Work item:
Your task is to transcribe all of the data below exactly, omitting the images.

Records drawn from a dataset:
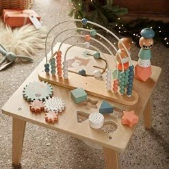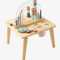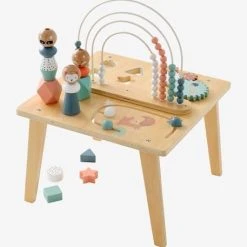 Les petits seront fascinés de faire tant de découvertes sur cette superbe table d’activités ! Sur la table, différents jeux d’éveil : un boulier, un jeu des engrenages, des formes à encastrer (avec un filet sous la table), un chemin de petites perles et des personnages à empiler… Votre enfant va pouvoir s’éveiller en beauté !
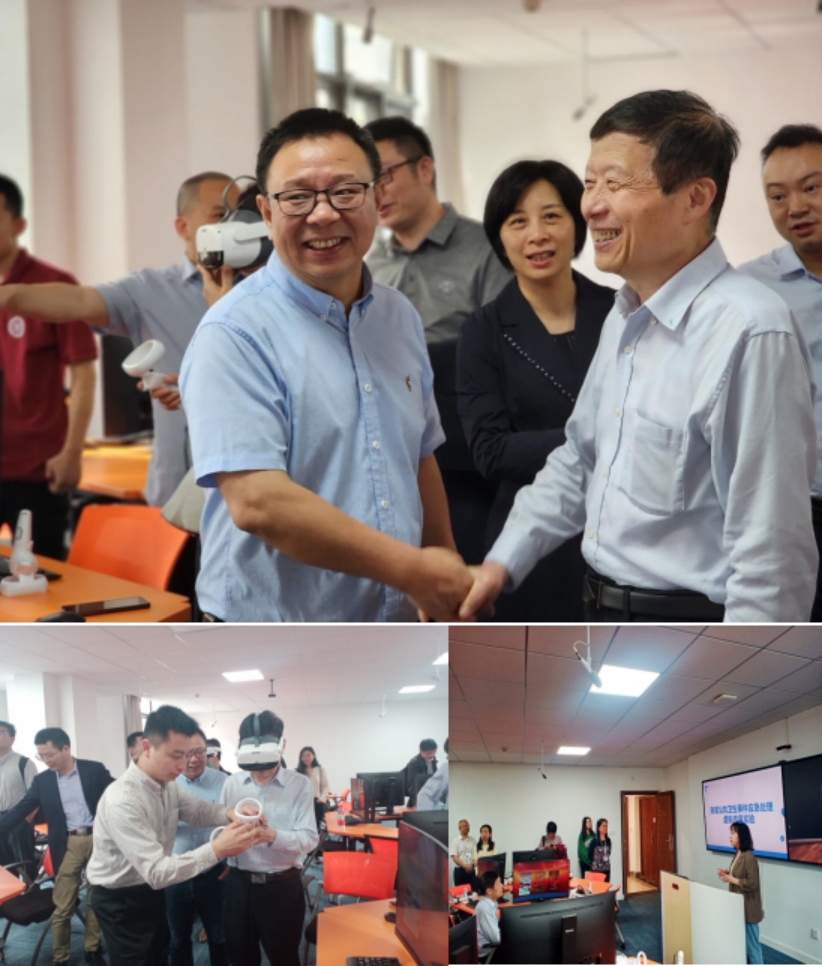 突发公共卫生事件应急处理虚拟仿真实验室,工作人员向刘院士一行简要介绍其主要功能。该实验室由学院专家联合湖南省疾病预防控制中心等多家团队共同打造,内容涵盖不明原因呼吸道传染病、自然灾害——地震、洪灾等引发的多个重大突发公共卫生事件应急处置案例,通过VR技术的沉浸式体验与交互式操作,培养医学生面对突发公共卫生事件时的应急处置能力,满足学生实验实训需求。未来,学院将继续打造突发公共卫生事件应急处置案例库,面向社会开放,为培养高层次公共卫生人才和专业人员突发公共卫生事件处置能力提供支持。
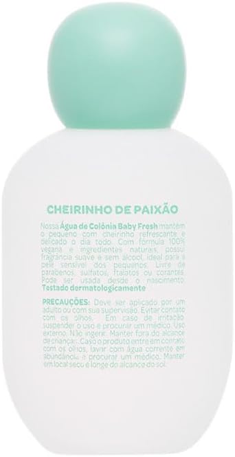 Nossa Água de Colônia Baby Fresh mantém o pequeno com cheirinho refrescante e delicado o dia todo. Com fórmula 100% vegana e ingredientes naturais, possui fragrância suave e sem álcool, ideal para a pele sensível dos pequenos. Livre de parabenos, sulfatos, ftalatos ou corantes. Pode ser usada desde o nascimento. Testado dermatologicamente
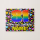 This fun and exciting birthday-themed jigsaw puzzle design features a large number “81” having a multicolored rainbow spectrum inspired gradient pattern. It also features the message “HAPPY 81st BIRTHDAY,”, and a personalized recipient name. The background features a joyful pattern of loving heart shapes having various sizes and colours. An eye-catching, editable birthday puzzle like this might be given to celebrate somebody’s eighty-first birthday. [~Z0000611]
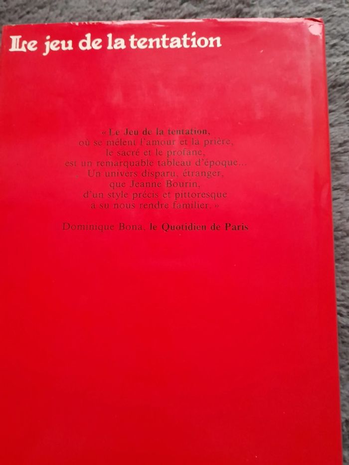 Lot de 2 livres de Jeanne Bourin La chambre des Dames Le jeu de la Tentation Livres de France Loisirs Dépôt Légal en février 1984 Le jeu de la Tentation : «Le jeu de la tentation, où se mêlent l'amour et la prière, le sacré et le profane, est un remarquable tableau d'époque... Un univers disparu, étranger, que Jeanne bourin d'un style précis et pittoresque a su nous rendre familier.» Dominique Bona, le quotidien de Paris La chambre des Dames: «Ce livre est historiquement vrai... Il est aussi passionnant et émouvant à lire. C'est beau, grave et doux comme la dame à la licorne... Je vous défie de commencer la chambre des dames sans aller jusqu'au bout...» Françoise Xenakis, le Matin.
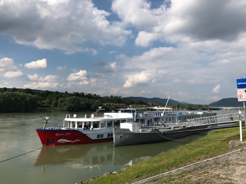 Da sitter vi ved bredden av Donau og ser elvecruiserne dra forbi. Melk heter byen og vi er en time fra Wien.
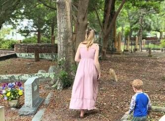 Na snimku vidimo Hejli kako šeta sa proodicom po groblju Old Smithville u Severnoj Karolini komentrašitću spomenike.
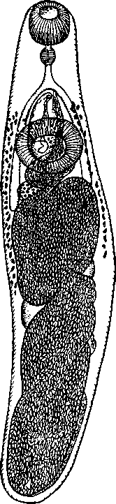 Желточники состоят из ряда фолликулов с каждой стороны и простираются от середины между половым отверстием и передним краем брюшной присоски до уровня переднего семенника.
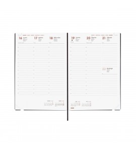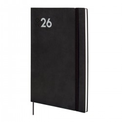 Agenda profesional encuadernada de tapa blanda y flexible. De tacto muy suave y gomoso. De estilo moderno y universal. Apertura perfecta. Con goma elástica y cinta-punto. Con esquinas microperforadas para localizar rápidamente el día/semana en curso. La anualidad contiene la información útil relativa a: onomástica, festivos nacionales, fases lunares, cambios de estación, cambios de hora e inicios del nuevo año chino, musulmán, ortodoxo y hebreo. La agenda incluye otros contenidos extra.
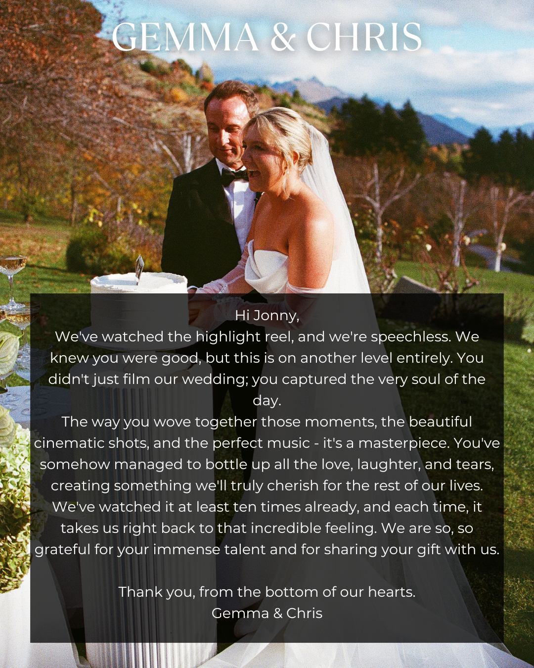 As you come toward this life-changing day, I understand better than anyone that finding the perfect match to document your wedding is of the upmost importance. This doesn’t just mean having a photographic and film team on hand who are technically gifted—it means trusting that team with making you feel comfortable in the moment, and being able to communicate your expectations, as well as your tastes with us. While I believe the films and photographs on this site speak for themselves, please take a moment to look over some of the testimonies below, which will assure you that myself and my team are both highly professional, personable, and intuitive as to your needs before, during, and after your big day. I look forward to hearing from you and making the vision of your wedding happen.
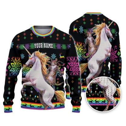 Custom Funny Holiday Ninja Cat And Unicorn Ugly Christmas Sweater
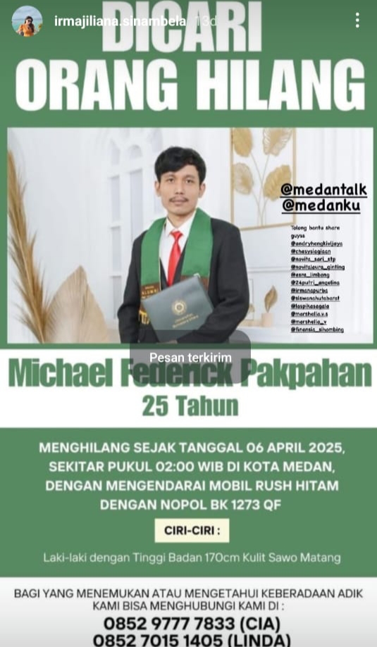 Korban sempat diberitakan menghilang oleh kakaknya. “Tolong infonya, telah hilang adik saya driver Indriver Medan. Terakhir kali lokasi di Kampung Lalang setelah mengantar tamu,” tulis akun Instagram @tkpnusantara pada Rabu (9/4/2025)..
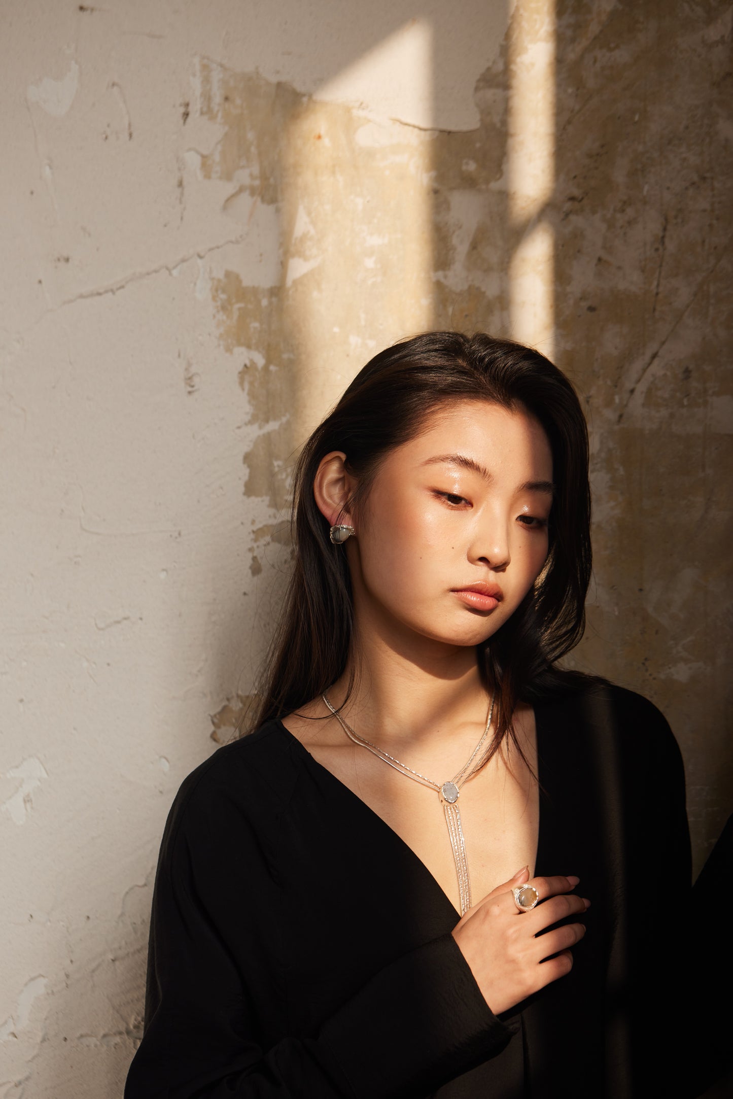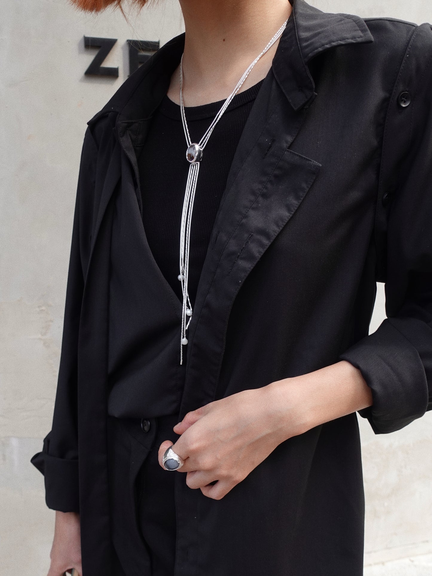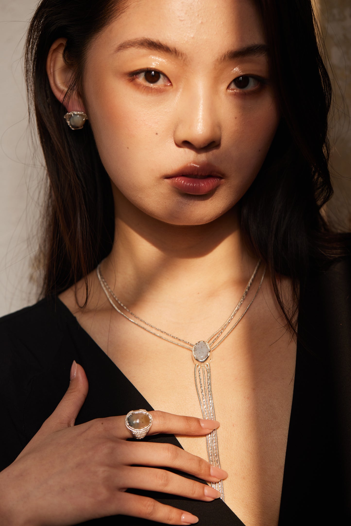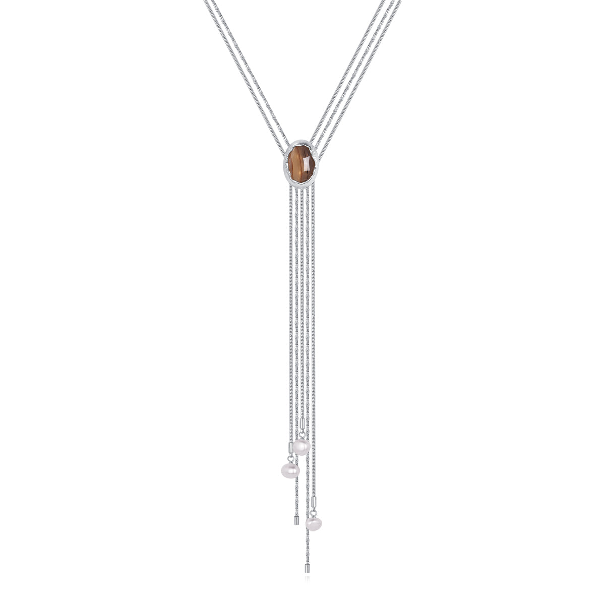 A striking long necklace inspired by the depths of the ocean. It features a chain made of copper with silver plating, paired with a pendant crafted from 925 silver with enamel plating and ocean chalcedony. The tassel design adds movement and a sense of fluidity, creating a unique and elegant piece that brings the beauty of the sea to life.
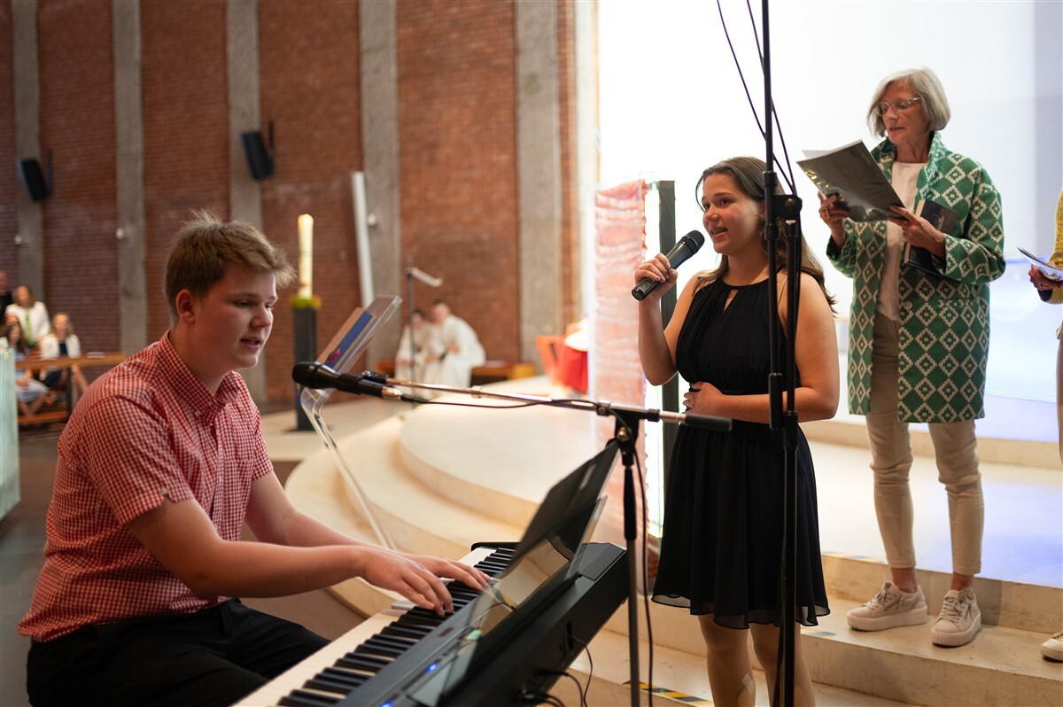 Musikalisch umrahmt wurde die Feier durch Konchord. Zur Kommunion sangen 2 Gefirmte aus dem vergangenen Jahr ein umjubeltes Duett, Alexander Holzer und Hesi Seeber. Nach der Firmung lud der Fachausschuss Jugend und Junge Erwachsene zur Agape auf den Kirchenplatz.
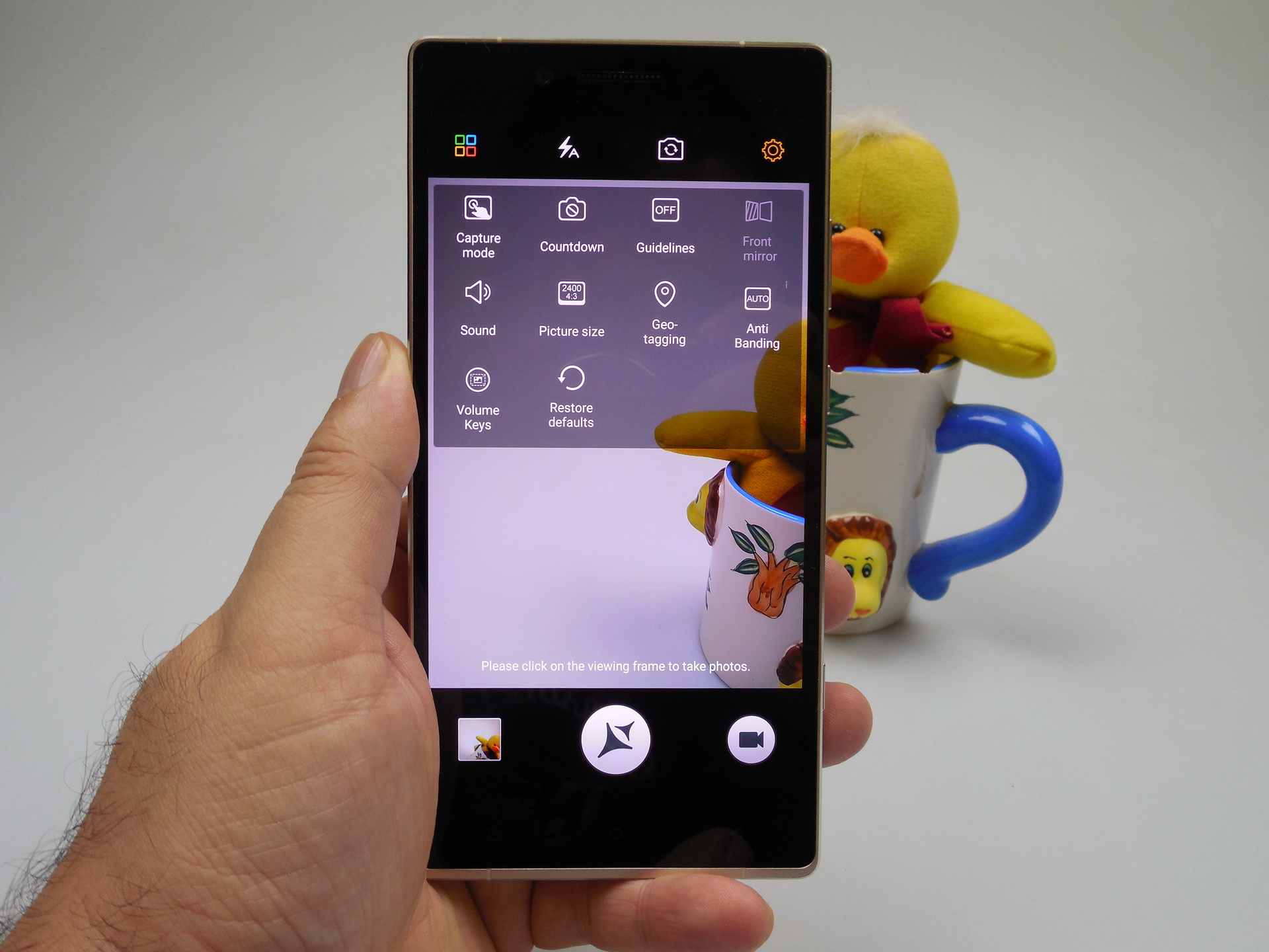 The resulting picture is so detailed, it can be printed as a 106 x 80 cm poster. Video options include a Scene Mode (night or auto), exposure, white balance, anti shake, 4K 30 FPS capture, Full HD or HD resolution. The camera has fluid zoom and tapping the screen allows you to move around two crosshair frames, associated to metering and exposure.

Solved exercise:
 Les petits seront fascinés de faire tant de découvertes sur cette superbe table d’activités ! Sur la table, différents jeux d’éveil : un boulier, un jeu des engrenages, des formes à encastrer (avec un filet sous la table), un chemin de petites perles et des personnages à empiler… Votre enfant va pouvoir s’éveiller en beauté !
 突发公共卫生事件应急处理虚拟仿真实验室,工作人员向刘院士一行简要介绍其主要功能。该实验室由学院专家联合湖南省疾病预防控制中心等多家团队共同打造,内容涵盖不明原因呼吸道传染病、自然灾害——地震、洪灾等引发的多个重大突发公共卫生事件应急处置案例,通过VR技术的沉浸式体验与交互式操作,培养医学生面对突发公共卫生事件时的应急处置能力,满足学生实验实训需求。未来,学院将继续打造突发公共卫生事件应急处置案例库,面向社会开放,为培养高层次公共卫生人才和专业人员突发公共卫生事件处置能力提供支持。
 Nossa Água de Colônia Baby Fresh mantém o pequeno com cheirinho refrescante e delicado o dia todo. Com fórmula 100% vegana e ingredientes naturais, possui fragrância suave e sem álcool, ideal para a pele sensível dos pequenos. Livre de parabenos, sulfatos, ftalatos ou corantes. Pode ser usada desde o nascimento. Testado dermatologicamente
 This fun and exciting birthday-themed jigsaw puzzle design features a large number “81” having a multicolored rainbow spectrum inspired gradient pattern. It also features the message “HAPPY 81st BIRTHDAY,”, and a personalized recipient name. The background features a joyful pattern of loving heart shapes having various sizes and colours. An eye-catching, editable birthday puzzle like this might be given to celebrate somebody’s eighty-first birthday. [~Z0000611]
 Lot de 2 livres de Jeanne Bourin La chambre des Dames Le jeu de la Tentation Livres de France Loisirs Dépôt Légal en février 1984 Le jeu de la Tentation : «Le jeu de la tentation, où se mêlent l'amour et la prière, le sacré et le profane, est un remarquable tableau d'époque... Un univers disparu, étranger, que Jeanne bourin d'un style précis et pittoresque a su nous rendre familier.» Dominique Bona, le quotidien de Paris La chambre des Dames: «Ce livre est historiquement vrai... Il est aussi passionnant et émouvant à lire. C'est beau, grave et doux comme la dame à la licorne... Je vous défie de commencer la chambre des dames sans aller jusqu'au bout...» Françoise Xenakis, le Matin.
 Da sitter vi ved bredden av Donau og ser elvecruiserne dra forbi. Melk heter byen og vi er en time fra Wien.
 Na snimku vidimo Hejli kako šeta sa proodicom po groblju Old Smithville u Severnoj Karolini komentrašitću spomenike.
 Желточники состоят из ряда фолликулов с каждой стороны и простираются от середины между половым отверстием и передним краем брюшной присоски до уровня переднего семенника.
 Agenda profesional encuadernada de tapa blanda y flexible. De tacto muy suave y gomoso. De estilo moderno y universal. Apertura perfecta. Con goma elástica y cinta-punto. Con esquinas microperforadas para localizar rápidamente el día/semana en curso. La anualidad contiene la información útil relativa a: onomástica, festivos nacionales, fases lunares, cambios de estación, cambios de hora e inicios del nuevo año chino, musulmán, ortodoxo y hebreo. La agenda incluye otros contenidos extra.
 As you come toward this life-changing day, I understand better than anyone that finding the perfect match to document your wedding is of the upmost importance. This doesn’t just mean having a photographic and film team on hand who are technically gifted—it means trusting that team with making you feel comfortable in the moment, and being able to communicate your expectations, as well as your tastes with us. While I believe the films and photographs on this site speak for themselves, please take a moment to look over some of the testimonies below, which will assure you that myself and my team are both highly professional, personable, and intuitive as to your needs before, during, and after your big day. I look forward to hearing from you and making the vision of your wedding happen.
 Custom Funny Holiday Ninja Cat And Unicorn Ugly Christmas Sweater
 Korban sempat diberitakan menghilang oleh kakaknya. “Tolong infonya, telah hilang adik saya driver Indriver Medan. Terakhir kali lokasi di Kampung Lalang setelah mengantar tamu,” tulis akun Instagram @tkpnusantara pada Rabu (9/4/2025)..
 A striking long necklace inspired by the depths of the ocean. It features a chain made of copper with silver plating, paired with a pendant crafted from 925 silver with enamel plating and ocean chalcedony. The tassel design adds movement and a sense of fluidity, creating a unique and elegant piece that brings the beauty of the sea to life.
 Musikalisch umrahmt wurde die Feier durch Konchord. Zur Kommunion sangen 2 Gefirmte aus dem vergangenen Jahr ein umjubeltes Duett, Alexander Holzer und Hesi Seeber. Nach der Firmung lud der Fachausschuss Jugend und Junge Erwachsene zur Agape auf den Kirchenplatz.
 The resulting picture is so detailed, it can be printed as a 106 x 80 cm poster. Video options include a Scene Mode (night or auto), exposure, white balance, anti shake, 4K 30 FPS capture, Full HD or HD resolution. The camera has fluid zoom and tapping the screen allows you to move around two crosshair frames, associated to metering and exposure.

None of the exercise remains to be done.